++++ Listed entries ++++

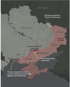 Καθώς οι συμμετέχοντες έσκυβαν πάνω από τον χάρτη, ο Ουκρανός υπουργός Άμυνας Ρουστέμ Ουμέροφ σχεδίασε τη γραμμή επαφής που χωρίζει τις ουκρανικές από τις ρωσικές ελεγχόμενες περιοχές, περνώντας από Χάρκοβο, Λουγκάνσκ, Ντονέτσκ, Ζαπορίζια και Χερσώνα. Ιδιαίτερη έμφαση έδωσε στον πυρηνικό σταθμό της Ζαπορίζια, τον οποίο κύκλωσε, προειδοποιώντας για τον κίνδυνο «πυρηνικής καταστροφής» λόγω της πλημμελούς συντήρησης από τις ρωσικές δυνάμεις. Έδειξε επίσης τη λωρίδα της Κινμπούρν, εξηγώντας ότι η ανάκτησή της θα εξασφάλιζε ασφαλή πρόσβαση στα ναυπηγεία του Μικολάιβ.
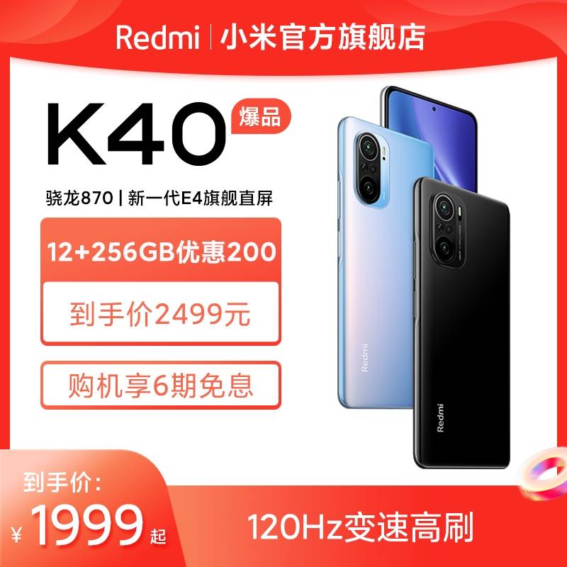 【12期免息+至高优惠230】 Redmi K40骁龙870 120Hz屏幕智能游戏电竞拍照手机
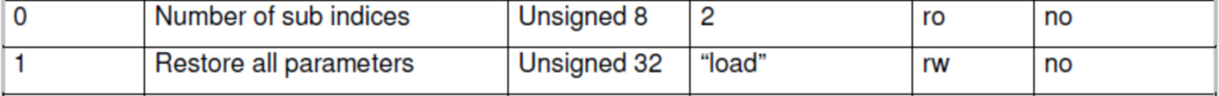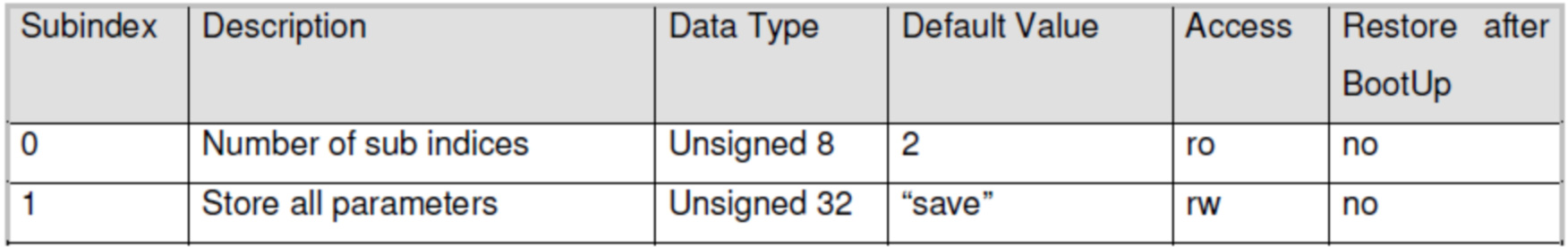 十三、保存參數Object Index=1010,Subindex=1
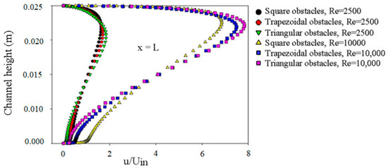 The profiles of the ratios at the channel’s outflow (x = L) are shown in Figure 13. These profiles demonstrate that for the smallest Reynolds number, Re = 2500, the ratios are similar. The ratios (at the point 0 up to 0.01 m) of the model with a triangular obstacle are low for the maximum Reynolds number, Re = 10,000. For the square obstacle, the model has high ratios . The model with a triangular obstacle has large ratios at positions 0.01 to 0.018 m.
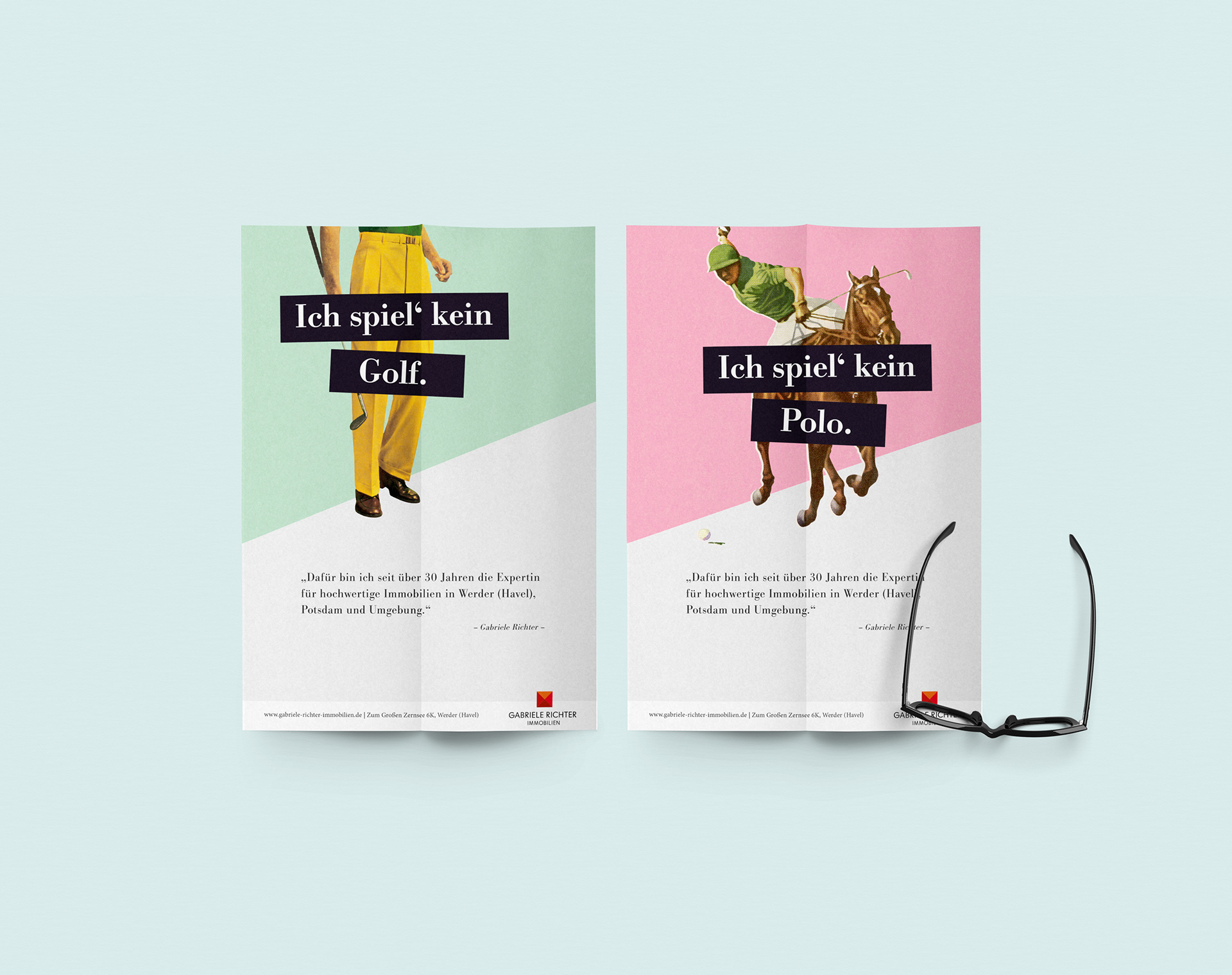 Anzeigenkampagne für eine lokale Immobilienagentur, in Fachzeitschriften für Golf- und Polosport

++++

Brief - Would you write out exactly the lines above, starting at the line containing "Redmi K40骁龙870 120Hz屏幕智能游戏电竞拍照手机" and stopping after the line containing "The profiles of"? Omit the pictures.

Output of the task -
 【12期免息+至高优惠230】 Redmi K40骁龙870 120Hz屏幕智能游戏电竞拍照手机
 十三、保存參數Object Index=1010,Subindex=1
 The profiles of the ratios at the channel’s outflow (x = L) are shown in Figure 13. These profiles demonstrate that for the smallest Reynolds number, Re = 2500, the ratios are similar. The ratios (at the point 0 up to 0.01 m) of the model with a triangular obstacle are low for the maximum Reynolds number, Re = 10,000. For the square obstacle, the model has high ratios . The model with a triangular obstacle has large ratios at positions 0.01 to 0.018 m.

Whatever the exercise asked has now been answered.